Running MaprRduce on Hbase table snapshot not working

In order to avoid full table scan on Hbase table i thought to run mapreduce on Hbase table snapshot .

I have created snapshot of my table using below command

snapshot 'FundamentalAnalytic','FundamentalAnalyticSnapshot'

After that to run mapreduce i have to transfer it to my local HDFS .So i ran export command like following and copy it to tmp dir .

hbase org.apache.hadoop.hbase.snapshot.ExportSnapshot -snapshot FundamentalAnalyticSnapshot -copy-to /tmp/  -mappers 16

It got copied successfully not i ran mapreduce job that has driver code like this.

String snapshotName="FundamentalAnalyticSnapshot";
TableMapReduceUtil.initTableSnapshotMapperJob(snapshotName, scan, DefaultMapper.class, NullWritable.class, Text.class, job,true, new Path("/tmp");

But it throw error

org.apache.hadoop.hbase.snapshot.CorruptedSnapshotException: Couldn't read snapshot info from:file:/tmp/hbase-cloudera/hbase/.hbase-snapshot/FundamentalAnalyticSnapshot/.snapshotinfo     at org.apache.hadoop.hbase.snapshot.SnapshotDescriptionUtils.readSnapshotInfo(     at org.apache.hadoop.hbase.snapshot.RestoreSnapshotHelper.copySnapshotForScanner(     at org.apache.hadoop.hbase.mapreduce.TableSnapshotInputFormatImpl.setInput(     at org.apache.hadoop.hbase.mapreduce.TableSnapshotInputFormat.setInput(     at org.apache.hadoop.hbase.mapreduce.TableMapReduceUtil.initTableSnapshotMapperJob(     at     at     at com.thomsonretuers.hbase.HBaseToFileDriver.main(  Caused by: File file:/tmp/hbase-cloudera/hbase/.hbase-snapshot/FundamentalAnalyticSnapshot/.snapshotinfo does not exist

I know i am doing some mistake in not exporting snapshot to correct dir .

Please help me .




MapReduce over HBase Snapshots expects the snapshot to exist in the HBase installation, not the exported version of it.

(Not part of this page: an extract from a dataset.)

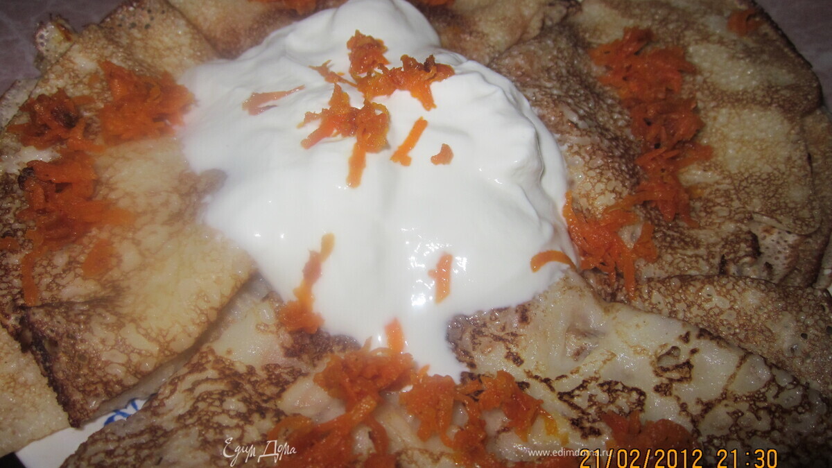 Захотела попробовать испечь блинчики с припеком.Муж любит морковную начинку...в пирожках...Решила соединить полезное (масленница же!) с приятным (мужу подсластить!) и получились обалденные блинчики!

You are also providing a path with file:// where you probably want hdfs://.

I did not get your point snapshot to exist in the HBase installation.Do i have to move snapshot somewhere ?

When i take snapshot will this not automatically available in the Hbase directory .

Also i changes the restorePath as hdfs://quickstart.cloudera:8020/hbase.
java.lang.IllegalArgumentException: Relative path in absolute URI: hdfs://quickstart.cloudera:8020bd03e5d6-bb0a-46ac-b900-65ae0fe0a439

Solved it after using correct path

Create snapshot

snapshot 'FundamentalAnalytic','FundamentalAnalyticSnapshot' 

Export Snapshot to local hdfs

hbase org.apache.hadoop.hbase.snapshot.ExportSnapshot -snapshot FundamentalAnalyticSnapshot -copy-to /tmp -mappers 16 

Driver Job Configuration to rum mapreduce on Hbase snapshot

    String snapshotName="FundamentalAnalyticSnapshot";
    Path restoreDir = new Path("hdfs://quickstart.cloudera:8020/tmp");
    String  hbaseRootDir =  "hdfs://quickstart.cloudera:8020/hbase";
TableMapReduceUtil.initTableSnapshotMapperJob(snapshotName, // snapshot name
    scan, // Scan instance to control CF and attribute selection
    DefaultMapper.class, // mapper class
    NullWritable.class, // mapper output key
    Text.class, // mapper output value

Also running mapreduce on Hbase snapshot will skip scan on Hbase table and also there will be no impact on region server.